**TASK ITEM:**
Leave the pictures out and print, word for word, the lines below from the one with "Teleskopskaftet gör att" through the final line.

DATASET EXCERPT section start

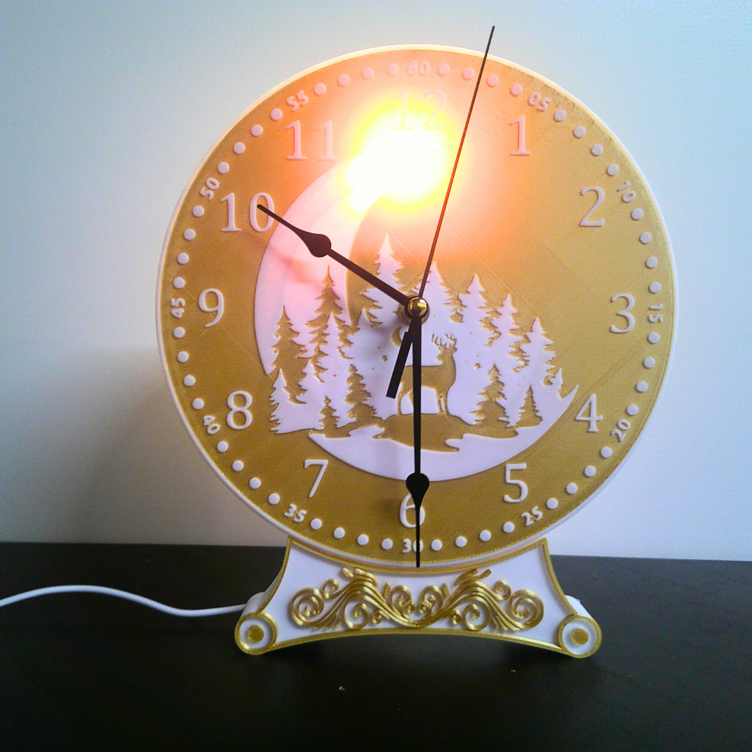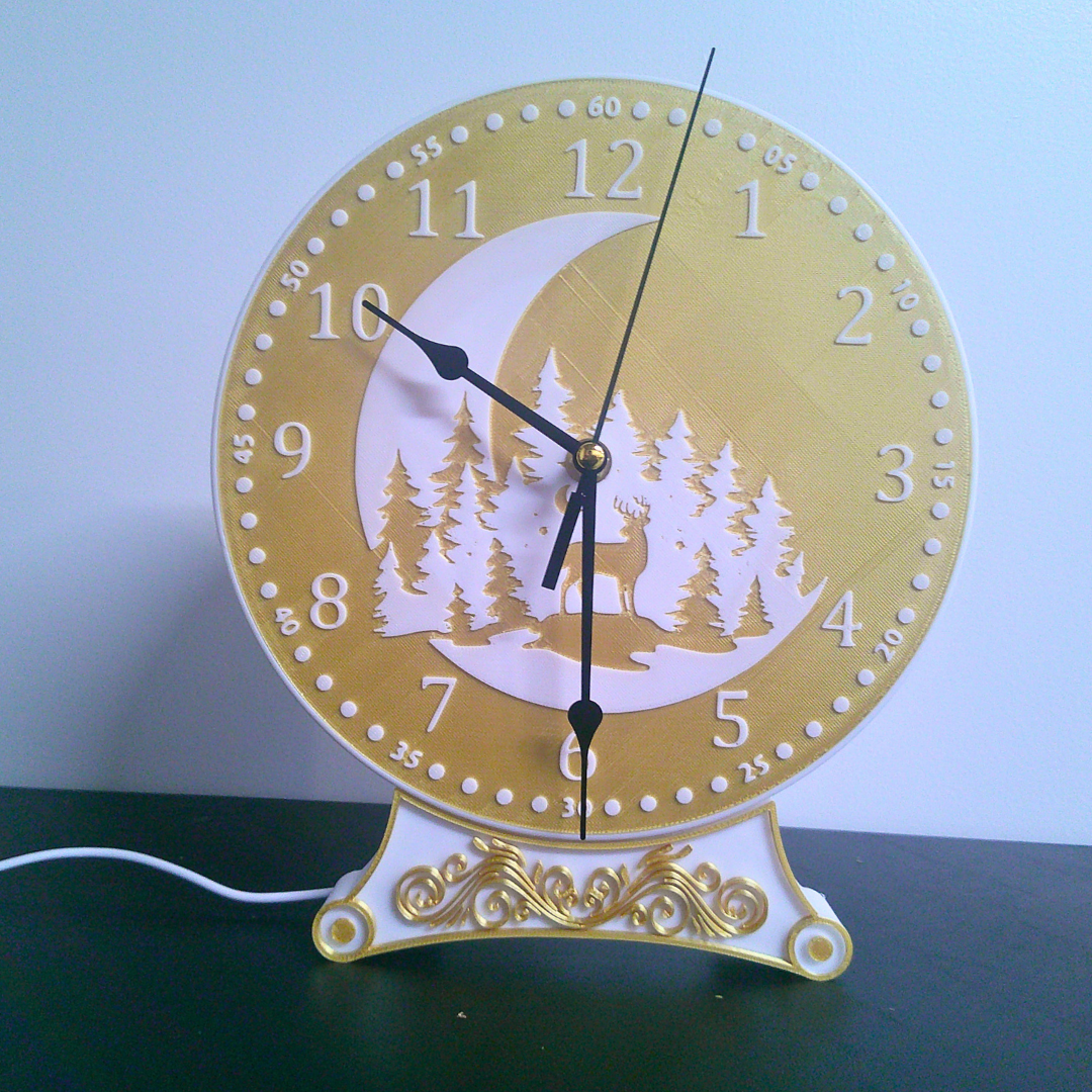 Designed in a clean white-and-gold finish, this clock features a detailed silhouette of the moon, trees, and deer, creating a peaceful woodland scene. When illuminated, it casts a warm glow that adds both function and atmosphere, making it perfect for bedside tables, desks, or cozy corners.
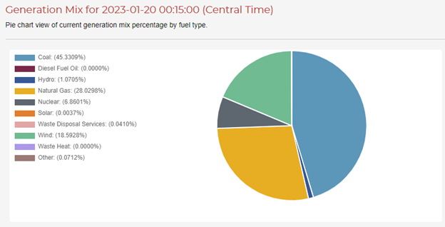 At 12:15 a.m. on Jan. 20, the mix of power generation from the SPP was 45.3 per cent coal, 28 per cent natural gas, and 18.6 per cent wind. Nuclear made up 6.9 per cent, hydro was 1 per cent, and solar, waste disposal services and waste heat were all negligible or zero.
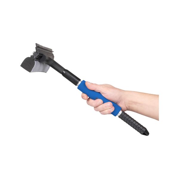 Teleskopskaftet gör att du slipper luta dig mot en smutsig bil eller sträcka dig i obekväma positioner; du når hela vindrutan enkelt och ergonomiskt. Dessutom gör teleskopfunktionen att fönsterskrapan tar minimalt med plats vid förvaring. Handtaget är vadderat i mjukt skumgummi för bästa komfort och har ett praktiskt hål för upphängning.
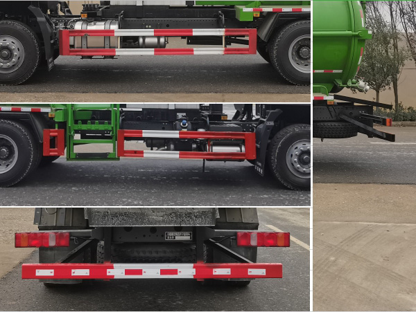 仅采用4700mm,4500mm轴距.ABS系统型号为446 004 6300,生产企业为威伯科汽车控制系统(中国)有限公司。选装EBS,EBS系统控制器生产企业:威伯科汽车控制系统(中国)有限公司,型号:EBS3.安装具有卫星定位功能的行驶记录仪。侧防护采用Q235,螺栓连接。后防护采用Q235,焊接连接。后防护截面高度尺寸120mm,截面宽度尺寸50mm,下边缘离地高度480mm。车辆长/轴距/前悬/后悬对应关系为:8400/4700/1550/2150,7900/4700/1550/1550,7650/4700/1550/1400,7650/4500/1550/1600,7450/4500/1550/1400。专用装置为罐体,提升机构,用于餐厨垃圾的收集与处理。选装ETC车载装置。选装驾驶室及外观样式。 |

DATASET EXCERPT section end

**EXERCISE RESULT:**
 Teleskopskaftet gör att du slipper luta dig mot en smutsig bil eller sträcka dig i obekväma positioner; du når hela vindrutan enkelt och ergonomiskt. Dessutom gör teleskopfunktionen att fönsterskrapan tar minimalt med plats vid förvaring. Handtaget är vadderat i mjukt skumgummi för bästa komfort och har ett praktiskt hål för upphängning.
 仅采用4700mm,4500mm轴距.ABS系统型号为446 004 6300,生产企业为威伯科汽车控制系统(中国)有限公司。选装EBS,EBS系统控制器生产企业:威伯科汽车控制系统(中国)有限公司,型号:EBS3.安装具有卫星定位功能的行驶记录仪。侧防护采用Q235,螺栓连接。后防护采用Q235,焊接连接。后防护截面高度尺寸120mm,截面宽度尺寸50mm,下边缘离地高度480mm。车辆长/轴距/前悬/后悬对应关系为:8400/4700/1550/2150,7900/4700/1550/1550,7650/4700/1550/1400,7650/4500/1550/1600,7450/4500/1550/1400。专用装置为罐体,提升机构,用于餐厨垃圾的收集与处理。选装ETC车载装置。选装驾驶室及外观样式。 |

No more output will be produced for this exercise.